Así lo explicó la podóloga Carolina Orrego, quien indicó que el pie plano es común en niños y niñas hasta aproximadamente los 4 años de edad, etapa en la que los arcos del pie aún no se han desarrollado por completo.
Durante los primeros años de vida, el pie infantil presenta una estructura distinta a la del adulto. La presencia de una capa de tejido graso en la planta, sumada a la inmadurez de músculos, ligamentos y huesos, hace que el arco plantar no sea visible y que el pie apoye casi completamente sobre el suelo.
¿Qué es el pie plano y cómo se manifiesta en los niños?
El pie plano se define por la disminución o ausencia del arco plantar, lo que provoca que toda la planta del pie entre en contacto con el suelo al estar de pie o caminar. En la infancia, esta condición suele ser flexible, es decir, el arco aparece cuando el niño se pone de puntillas o al sentarse, y no provoca dolor ni limitaciones funcionales.
Según explicó Orrego, este tipo de pie plano infantil no requiere tratamiento en la mayoría de los casos, ya que forma parte del desarrollo natural del cuerpo. “A medida que el niño crece, camina, corre y juega, los músculos del pie se fortalecen y el arco comienza a formarse de manera progresiva”, señaló la especialista.
El desarrollo del arco plantar: un proceso gradual
La formación del arco plantar no ocurre de forma inmediata. Se trata de un proceso que puede extenderse hasta los 5 o incluso 6 años de edad. Factores como la actividad física, el tipo de superficie por la que camina el niño y el uso de un calzado adecuado influyen directamente en este desarrollo.
La podóloga explicó que el movimiento constante, el juego libre y el contacto del pie con diferentes texturas ayudan a estimular la musculatura y la propiocepción, elementos clave para una pisada saludable.
La importancia de la observación y el control temprano
Aunque el pie plano infantil suele ser benigno, Carolina Orrego recalcó la importancia de observar la evolución del niño. Existen señales que pueden indicar la necesidad de una evaluación profesional, como dolor frecuente en pies, tobillos o piernas, cansancio excesivo al caminar, torpeza constante o desgaste irregular del calzado.
“Si el pie plano persiste más allá de la edad esperada o se asocia a molestias, es fundamental consultar con un especialista para evaluar cada caso de manera individual”, indicó.
Prevención desde la infancia: hábitos que favorecen pies sanos
En materia de prevención, la especialista destacó que pequeños hábitos cotidianos pueden marcar una gran diferencia en el desarrollo del pie. “Lo ideal es que los niños caminen descalzos siempre que sea posible o utilicen calzados cómodos y adaptados a su edad”, recomendó Orrego.
Caminar descalzo en superficies seguras permite que el pie se mueva libremente, fortalezca su musculatura y reciba estímulos sensoriales que favorecen la formación del arco plantar. Esta práctica, además, contribuye al equilibrio y la coordinación.
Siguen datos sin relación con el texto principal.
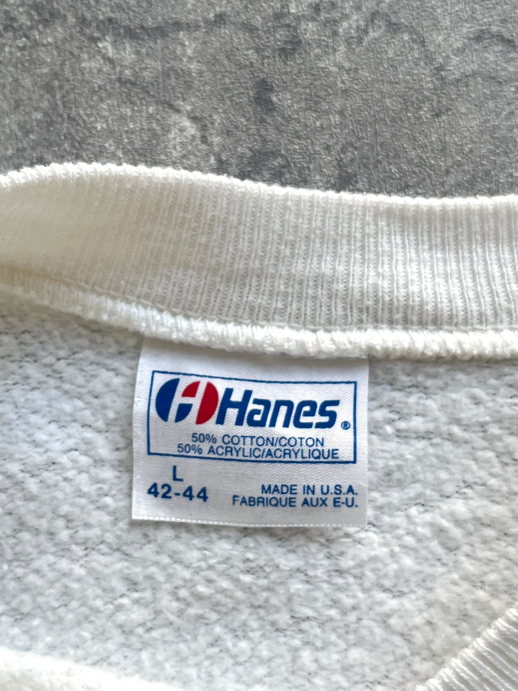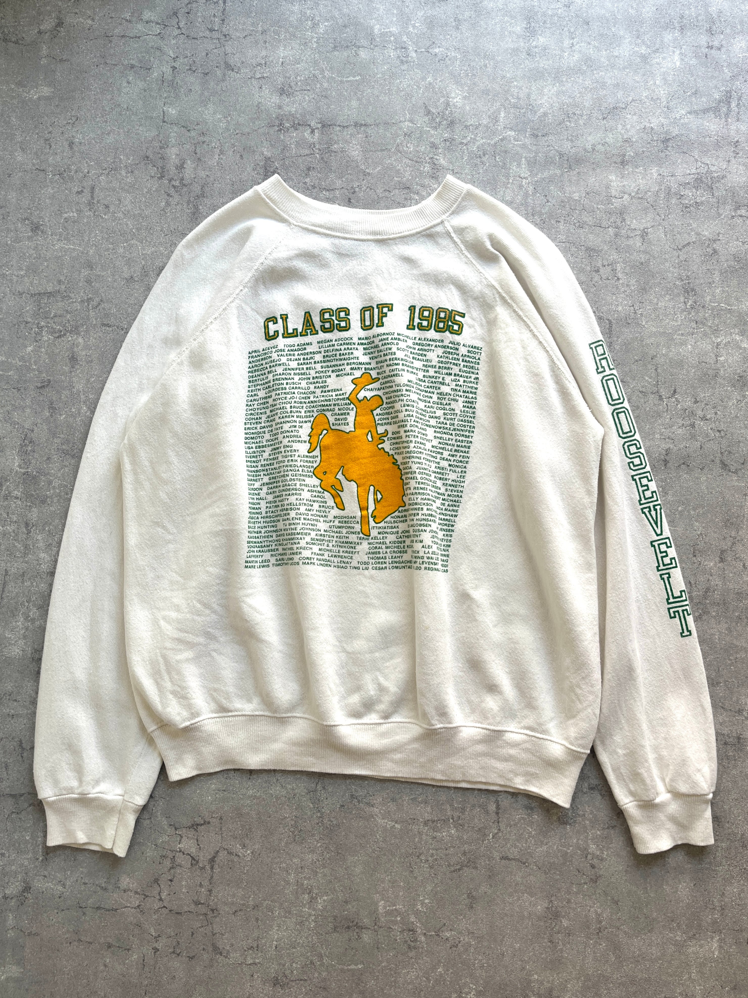 ラグラン×オフホワイトのコットンアクリルボディが80年代ならではのこちらは、ルーズベルト大学のクラスTならぬクラススウェット!1985年のものです。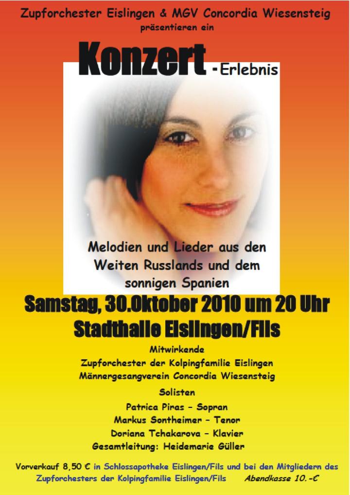 Melodien aus aller Welt bietet das Zupforchester der Kolpingsfamilie Eislingen zusammen mit dem Männergesangsverein Concordia Wiesensteig bei einem abwechslungsreichen Konzert am Samstag, 30.10.2010 in der Stadthalle Eislingen.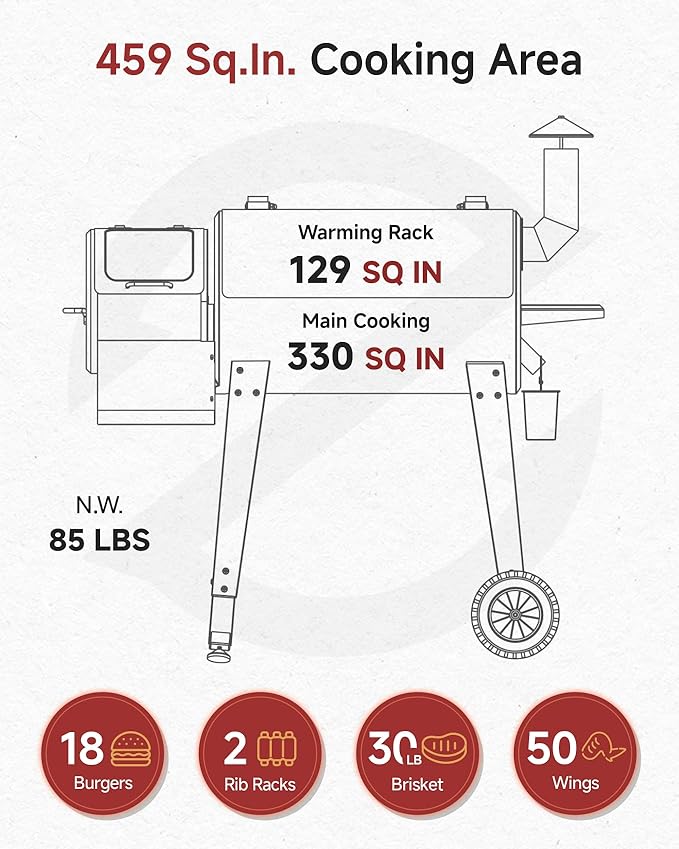 - Durable & Portable-- Sturdy steel construction with a high-temperature powder coating finish makes the pellet grill long-lasting. Lift the left side to roll smoothly on the right wheels, then lower the left legs to lock securely in place.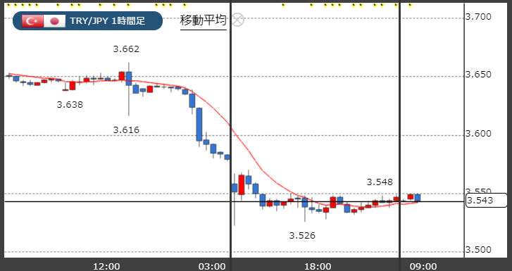 スイスフラン/トルコリラが最高値となったため、売りで購入しました。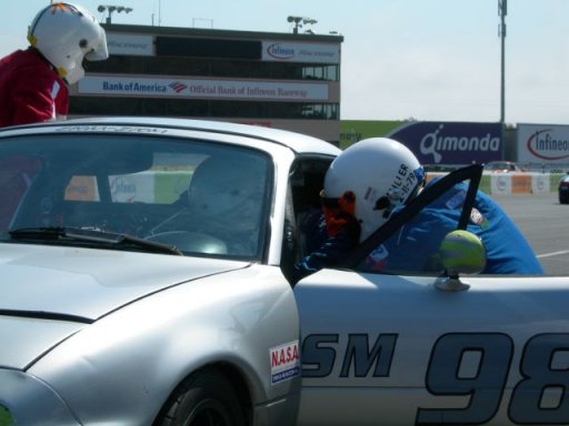 also drove the car for two laps before turning the Miata over to Ron to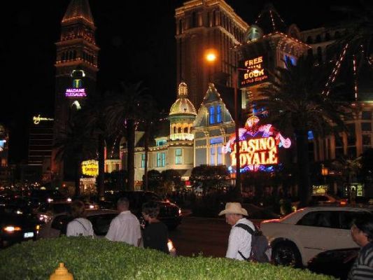 Wir brachten dann das Auto zurück in die Tiefgarage vom Flamingo und zogen noch mal los, da wir die Show mit den Sirenen und Piraten am Treasure Island sehen wollten. Wir waren etwas spät dran und bekamen keinen Platz mehr. Der Zugang über den Plankenweg war mit einem Seil abgesperrt. Von der Straße aus konnte man nichts sehen, deshalb drängelten sich die Kinder etwas durch und fanden noch ein Plätzchen, klein wie sie sind. Lothar und ich konnten die Show nur akkustisch verfolgen, aber es war uns relativ egal.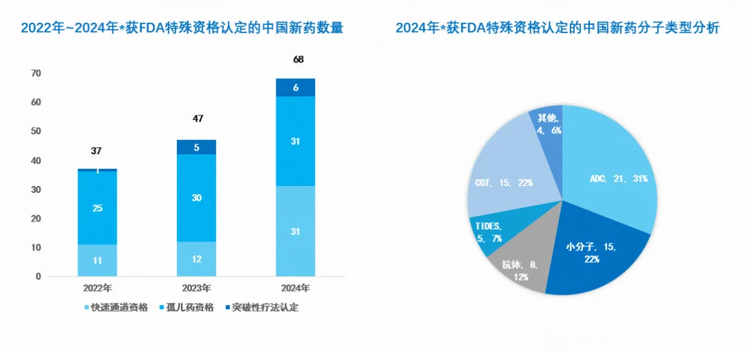 而在特殊资格认证方面,2024年以来,有近70款中国新药获FDA特殊资格认定(仅统计包括快速通道资格、突破性疗法认定以及孤儿药资格),总数量也创近年来新高。2024年,总项目数同比增长45%。其中,获得快速通道资格和孤儿药资格的数量较多,均为31项,突破性疗法认定有6项。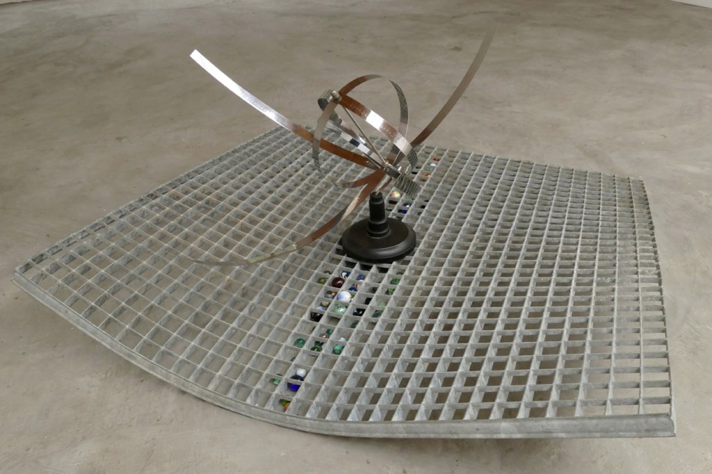 ‘L’espace n’est pas localisable [Torsion]’ – 2021-2022. galvanised steel, inox, marbles. 46½ x 100 x 100 cm.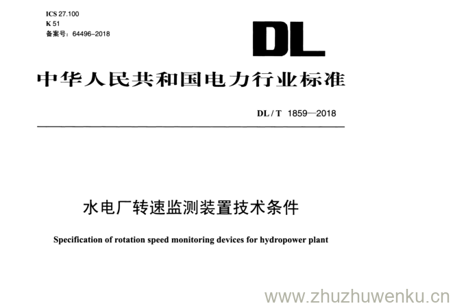 DL/T 1859-2018 pdf下载 水电厂转速监测装置技术条件。Specification ofrotation speed monitoring devices for hydropower plant.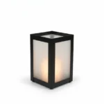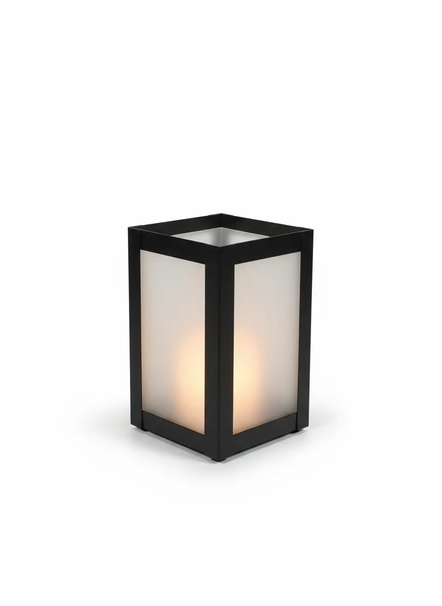 Elegancki lampion „Modern Cube” w formie prostej kostki, wykonany z czarnej, proszkowo malowanej stali i matowego szkła akrylowego. Minimalistyczny design, idealny do wnętrz i ogrodu.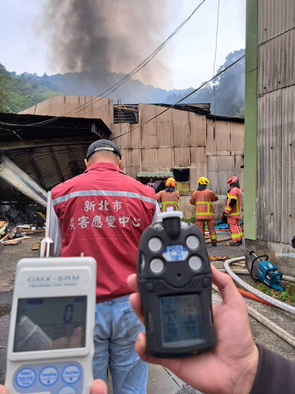 【記者高金次新北報導】3月11日9時樹林區光興街工廠火災,新北環保局表示,接到通報後第一時間已到火災現場監測空品,依據手持設備量測風速為0m/s,電子鼻讀值為0,四相氣體偵測儀數值包含二氧化硫=1.2,揮發性有機物=0,氨=0,硫化氫=0。環保局表示,目前現場無濃煙及異味,大氣擴散條件也改善,環保局將持續監控空品變化,請民眾放心。
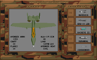While hardcore sim fans might lament the lack of texture mapping or polygonal terrain, A-10 Tank Killer’s graphics never interfere with gameplay clarity. If anything, the straightforward art style keeps the focus on mission planning and execution, rather than flashy visual flourishes. For players in 1991, the game struck a fair balance between visual appeal and functional design.

El rol del calzado infantil
El calzado cumple un papel fundamental durante el crecimiento. La podóloga explicó que los zapatos para niños deben ser flexibles, livianos, con suela antideslizante y espacio suficiente para el movimiento de los dedos. Un calzado demasiado rígido o apretado puede interferir en el desarrollo natural del pie.
Asimismo, advirtió sobre el uso prolongado de zapatos heredados, ya que estos ya están moldeados a la pisada de otro niño. “El calzado debe adaptarse al pie, no el pie al calzado”, enfatizó.
¿Son necesarias las plantillas en niños?
Otro de los puntos abordados por la especialista fue el uso de plantillas ortopédicas. Orrego aclaró que no todos los niños con pie plano necesitan plantillas y que su indicación debe ser siempre evaluada por un profesional.
En muchos casos, el fortalecimiento muscular, la actividad física y el seguimiento son suficientes. Las plantillas se recomiendan solo cuando existe dolor, alteraciones en la marcha o un pie plano rígido que no evoluciona favorablemente.
Un llamado a la tranquilidad y a la información
Finalmente, la podóloga hizo un llamado a la tranquilidad de las familias, destacando que el pie plano infantil suele resolverse de forma natural con el crecimiento. No obstante, insistió en la importancia de la información y los controles preventivos para acompañar adecuadamente el desarrollo de los niños.
“Cada niño tiene su propio ritmo de crecimiento. Lo más importante es observar, fomentar hábitos saludables y consultar a tiempo si existen dudas”, concluyó Carolina Orrego, subrayando que una atención oportuna contribuye al bienestar y la salud a largo plazo.